Solved – Setting Leaf Node’s Minimum Sample Value for Random Forest / Decision Trees

cartmachine learningrandom forest

I have seen a few useful examples on the SKlearn documentation page where in some situations, over-fitting can be handled to a reasonable extent by making sure that the splits leave each node with at least a certain number of samples/observations.

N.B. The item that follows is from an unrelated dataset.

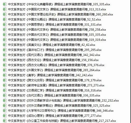 为确保网课教学质量,充分了解中文系学生线上学习状况,中文系于4月21日组织开展了线上教学满意度调查活动,共涉及本学期开设的24门课程。本着“一切以学生为中心”的宗旨,中文系及时将调查问卷统计结果反馈给任课教师,并要求任教师认真听取学生意见,吸纳同学们好的建议,不断改进线上教学方式方法,争取上同学们满意的网课。

I'm assuming other software packages, like R, have this feature too, I don't really mind which implementation the answer comes from, because I'm asking more from the theoretical perspective. But for the sake of illustration, let's just use Python's syntax for a moment:

DecisionTreeClassifier(min_samples_leaf=5)

If we omit the min_samples_leaf argument, it will default to 1, and that means the decision tree/random forest will only need 1 observation to justify a split — which does seem somewhat prone to overfitting.

My Question is: How can we decide what the min_samples_leaf argument for the general case should be? If we have a very large dataset, wouldn't 1 or even 5 be too small? Specifically, what formula might that entail; would we make it proportional to n (total observations) or some other heuristic?

Best Answer

If you look at other packages, say "ranger", it gives the following:

enter image description here

Other packages have guidelines of this sort.

I like to think of it as "what is the minimum sufficient samples for the error to be below "x".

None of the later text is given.